In February 2023, Kaspersky technologies detected a number of attempts to execute similar elevation-of-privilege exploits on Microsoft Windows servers belonging to small and medium-sized businesses in the Middle East, in North America, and previously in Asia regions. These exploits were very similar to already known Common Log File System (CLFS) driver exploits that we analyzed previously, but we decided to double check and it was worth it – one of the exploits turned out to be a zero-day, supporting different versions and builds of Windows, including Windows 11. The exploit was highly obfuscated with more than 80% of the its code being “junk” elegantly compiled into the binary, but we quickly fully reverse-engineered it and reported our findings to Microsoft. Microsoft assigned CVE-2023-28252 to the Common Log File System elevation-of-privilege vulnerability, and a patch was released on April 11, 2023, as part of April Patch Tuesday.

While the majority of zero-days that we’ve discovered in the past were used by APTs, this particular zero-day was used by a sophisticated cybercrime group that carries out ransomware attacks. This group is notable for its use of a large number of similar but unique Common Log File System (CLFS) driver exploits that were likely developed by the same exploit author. Since at least June 2022, we’ve identified five different exploits used in attacks on retail & wholesale, energy, manufacturing, healthcare, software development and other industries. Using the CVE-2023-28252 zero-day, this group attempted to deploy the Nokoyawa ransomware as a final payload.
Nokoyawa ransom note

Nokoyawa ransom note

Elevation-of-privilege exploit

The attacker must be authenticated with user access and have the ability to run code on the target system to launch the elevation-of-privilege exploit.

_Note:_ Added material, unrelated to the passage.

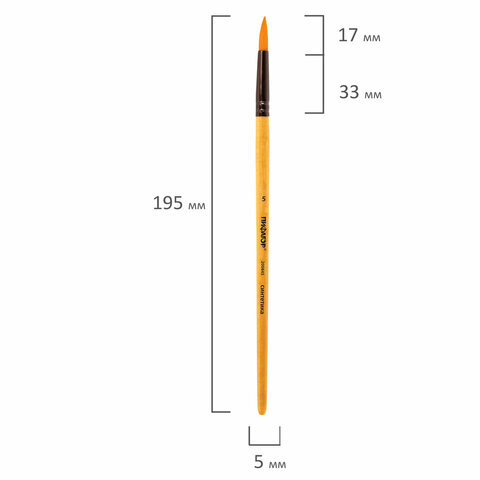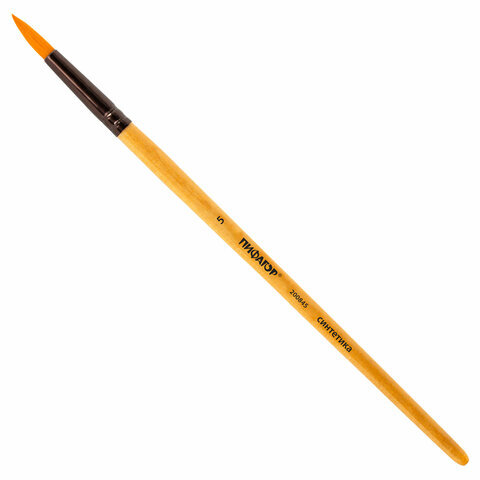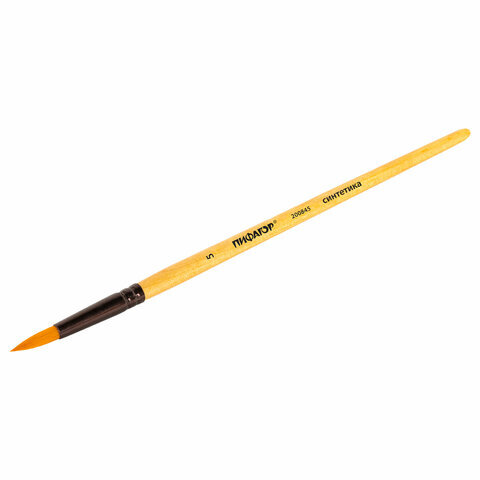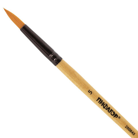 Кисть ПИФАГОР, СИНТЕТИКА, круглая, № 5, деревянная лакированная ручка, с колпачком, 200845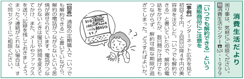 2021年8月【「いつでも解約できる」という通販商品にご注意を】

CLFS is a log file subsystem that was first introduced in Microsoft Windows Server 2003 R2 / Microsoft Vista and is implemented in the clfs.sys driver. This file system can be used by any application and Microsoft provides an API for it. Logs are created using the CreateLogFile function – a log is made up of a base log file (.blf file name extension) that is a master file containing metadata, and a number of containers that hold the actual data. Containers are created using the AddLogContainer and AddLogContainerSet functions. As you may already guess, the base log files are the most interesting to look at. But while Microsoft provides an API for working with them, their file format is undocumented, and developers should interact with them only through the CLFS API. The file structure of base log files, when viewed briefly in a hex editor, does not seem very complicated, and Microsoft provides debug symbols for clfs.sys, so with a sufficient level of enthusiasm this format can be reverse engineered (already done by Alex Ionescu). A glance at the structure of base log files instantly raises a red flag – the file consists of kernel structures as it is, and there are even fields for storing memory pointers! Combine that with the fact that, according to the API documentation, this technology is quite complicated, plus it was developed a long time ago, and we have a large number of vulnerabilities as a result. Searching for “Windows Common Log File System Driver Elevation Of Privilege Vulnerability” shows that there have been at least thirty-two such vulnerabilities (not counting CVE-2023-28252) discovered since 2018, where three of them were detected in the wild as zero-days (CVE-2022-24521, CVE-2022-37969, CVE-2023-23376).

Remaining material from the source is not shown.